Segment Start: Input data

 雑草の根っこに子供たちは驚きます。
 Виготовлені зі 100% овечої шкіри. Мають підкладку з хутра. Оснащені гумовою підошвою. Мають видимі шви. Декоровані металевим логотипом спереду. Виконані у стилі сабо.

Segment End: Input data
Segment Start: Input data

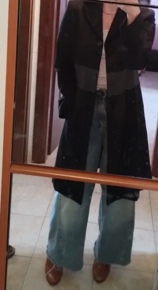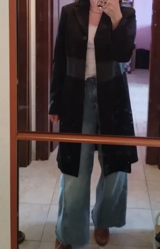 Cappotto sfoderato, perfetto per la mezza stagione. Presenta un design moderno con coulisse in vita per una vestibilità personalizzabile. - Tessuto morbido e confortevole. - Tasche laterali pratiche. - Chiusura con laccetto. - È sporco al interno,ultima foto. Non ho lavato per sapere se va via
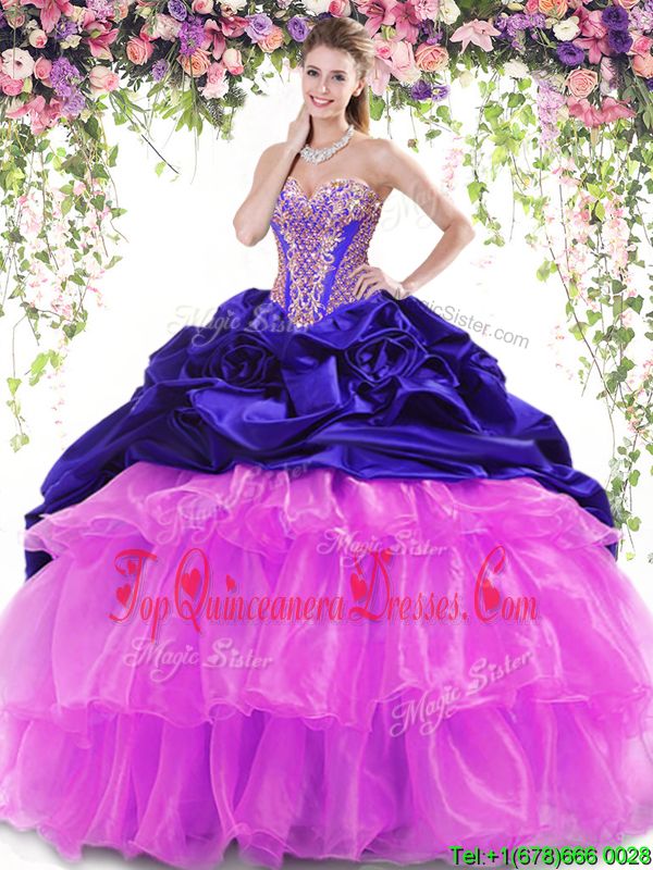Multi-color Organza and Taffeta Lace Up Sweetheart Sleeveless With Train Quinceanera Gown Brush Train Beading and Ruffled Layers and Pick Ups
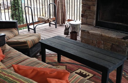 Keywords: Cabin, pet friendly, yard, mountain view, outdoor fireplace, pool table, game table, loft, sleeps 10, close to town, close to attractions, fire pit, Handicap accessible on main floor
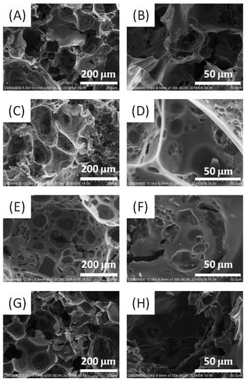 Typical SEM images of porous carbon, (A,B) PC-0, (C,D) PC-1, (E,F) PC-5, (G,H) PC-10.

Segment End: Input data
Segment Start: Input data

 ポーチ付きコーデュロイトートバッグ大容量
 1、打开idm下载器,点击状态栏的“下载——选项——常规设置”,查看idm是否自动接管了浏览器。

Segment End: Input data

# [What you have to do]
The response must hold only the lines above from the line with "雑草の根っこに子供たちは驚きます。" through the line with "Виготовлені зі 100%", each copied exactly, both ends kept.

# [Solution to this problem]
 雑草の根っこに子供たちは驚きます。
 Виготовлені зі 100% овечої шкіри. Мають підкладку з хутра. Оснащені гумовою підошвою. Мають видимі шви. Декоровані металевим логотипом спереду. Виконані у стилі сабо.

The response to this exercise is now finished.